# David West injures knee, leaves game in wheelchair



## Basel (Mar 31, 2005)

> UPDATE March 25, 12:34 am: The Jazz are officially calling this “left knee trauma” (which is a pretty scary term) but said in a release that the X-rays are negative. He will have an MRI before the team discusses the severity of the injury.
> 
> Al Jefferson of the Jazz said he hopes he is wrong but to him it looked like the injury was major and compared it to when Jefferson tore his ACL, reports Brian T. Smith of the Salt Lake City Tribune via twitter.
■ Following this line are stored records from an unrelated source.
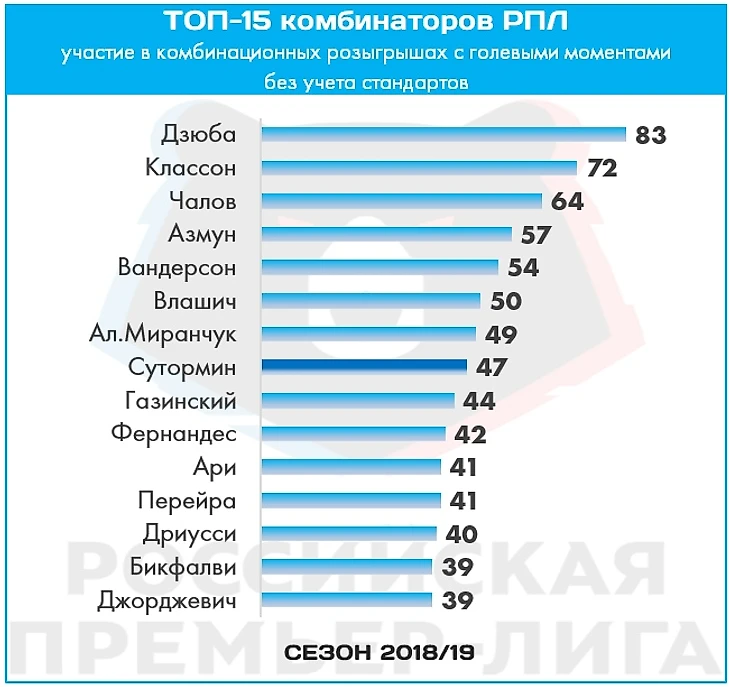 Важно и то, что на протяжении сезона он был достаточно стабилен в плане креатива, только в 3 из 29 сыгранных матчей не отметившись в атаках с голевыми моментами (к примеру, у Алексея Миранчука 4 «холостых» матча в сезоне, у Виктора Классона – 2).
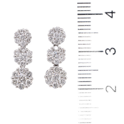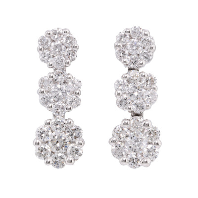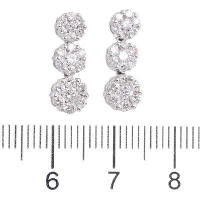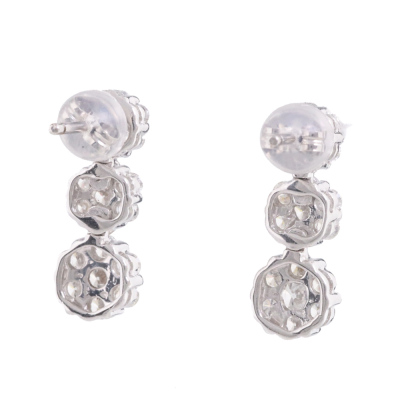 Diamond drop earrings with round Natural Diamonds totalling 1.00ct (Estimated grading: G-H SI). 18ct white gold with 18ct white gold & silicon backs. Length: 1.6cm. Weight: 2.8g. (Pre-owned)
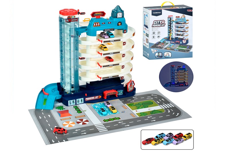 Гараж 3302A (8шт) 5поверхів, ліфт, муз, звук, світло, машинки 8шт, на бат-ці, в кор-ці, 35,5-42-16см
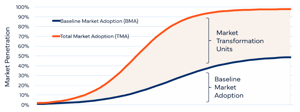 Figure 1 below shows the area between the Baseline Market Adoption and Total Market Adoption S-curves. The differential is the increase resulting from MT activities that deliver cost-effective energy efficiency, greenhouse gas (GHG) reductions, or other identified benefits.
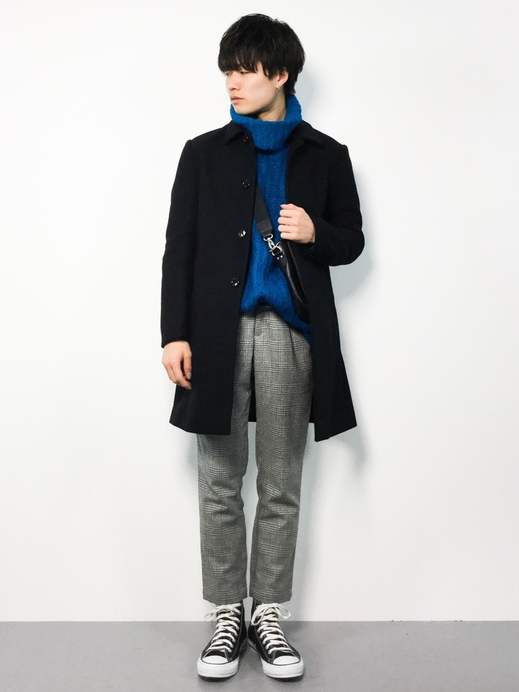 ロイヤルブルーのタートルネックは、シンプルな着こなしに存在感を与えてくれる効果があります。足元はスニーカーでカジュアルダウン。ミディアム丈のアウターと、テーパードがかかったアンクル丈のパンツですっきりとしたシルエットを作り、都会的なコーデにまとめています。
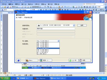 出现刻录设置对话框,在此可以选择刻录机的名称,给光盘起名字,选择刻录速度等,点击刻录即可开始。
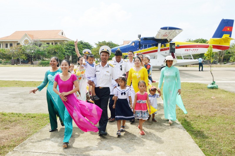Quân dân Trường Sa đón thủy phi cơ DHC-6 thăm Trường Sa. Ảnh: Trọng Thiết
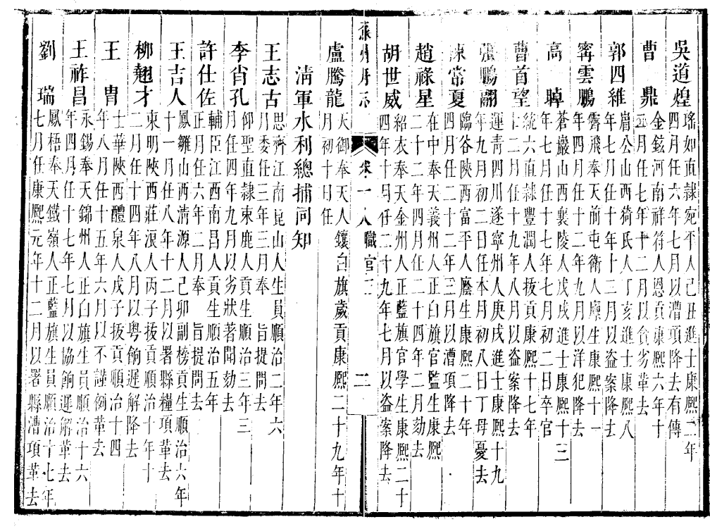 从康熙十三年到二十四年,先后有高晫、曹首望、张鹏翮、陈常夏、赵禄星五任苏州知府。康熙《苏州府志》的编修,断断续续进行到赵禄星手里,终于要完工了。康熙二十三年,王新命调抚江苏巡抚时,苏州知府赵禄星即以《府志》序为请,可见,康熙《苏州府志》在王新命调任两江总督的康熙二十三年五月前即已修成,赵禄星前后向两任江苏巡抚王新命、慕天颜请序的同时,也是让府志由本省最高长官审查内容。赵禄星负责的就是“鸠工缮刻、营赀赡给”。

If you’ve seen the video it’s hard to think it is anything but something serious.
> 
> ...


http://probasketballtalk.nbcsports.com/2011/03/25/hornet%E2%80%99s-david-west-injures-knee-leaves-game-in-wheelchair/

I hope he's okay, but this isn't sounding good.


----------



## Tooeasy (Nov 4, 2003)

One thing about west is hes a tough dude and plays through a lot, so exhibiting that much pain says a great deal about things. Always been a professional through and through, so I feel extra bad about any potential serious injury considering how much respect he has for the game. Somewhat off topic, how in the bloody hell could they not call a foul on Millsap on that? This will be replayed plenty of times on tv and other media outlets so I'm sure something is gonna be said about that failure of officiating.


----------